Oxford academics call for fossil fuel divestment

Around 60 University of Oxford academics have used an open letter to demand the institution stops investing in fossil fuel companies.

June 2, 2014

The letter, signed by members of the Biodiversity Institute, the School of Geography and the Environment, and the department of physics, among others, comes as a university-wide consultation on fossil fuel divestment draws to a close.

The consultation was launched following a year of campaigning on behalf of the student-led Fossil Free Campaign.

Among the 64 signatories so far are Lord May of Oxford, former chief scientific adviser to the UK government and Gordon Clark, current director of the Oxford Smith School of Enterprise and the Environment.

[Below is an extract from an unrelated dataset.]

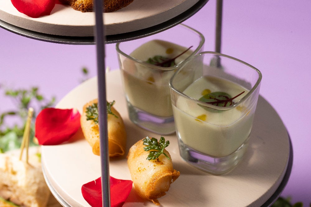 「THE MOON」は、 “天空の森”をコンセプトに東京の絶景を一望しながら食事を楽しめるレストランです。この度スタートするアフタヌーンティーは、六本木ヒルズ森タワーのシルエットと店名「MOON(=月)」をイメージした高さ70cmを超えるスタンドに、有機栽培された膨潤な香りの食用薔薇「さ姫」を贅沢に使用したパフェやマドレーヌなどパティシエこだわりのスイーツ8種と、枝豆のポタージュや帆立のパートブリック包みなど初夏を感じるセイボリー4種を楽しめます。

Henry Shue, professor of politics and international relations at Oxford, and one of the letter’s signatories, said: “We at Oxford like to claim the mantle of intellectual leadership…here is our opportunity to display genuine leadership when it counts.”

Many Oxford students have also backed the proposal, which follows a similar call in April from nearly 100 Harvard University academics who urged their institution via an open letter to remove holdings in oil and coal companies from its $33 billion (£20 billion) endowment.

Brenda Boardman, emeritus fellow at Oxford’s Environmental Change Institute and another of the signatories of the Oxford letter who spoke at a rally on 31 May, said: “We can only burn 20 per cent of the carbon in the proven fossil fuel reserves. We’ll have reached that limit in 16 years at present rates of consumption.

“We know about housing bubbles. Now we have a carbon bubble, a bubble of unreal value. It is too risky to own shares in this bubble. It has to burst and will burst if we are sane and want to avoid dangerous climate change.”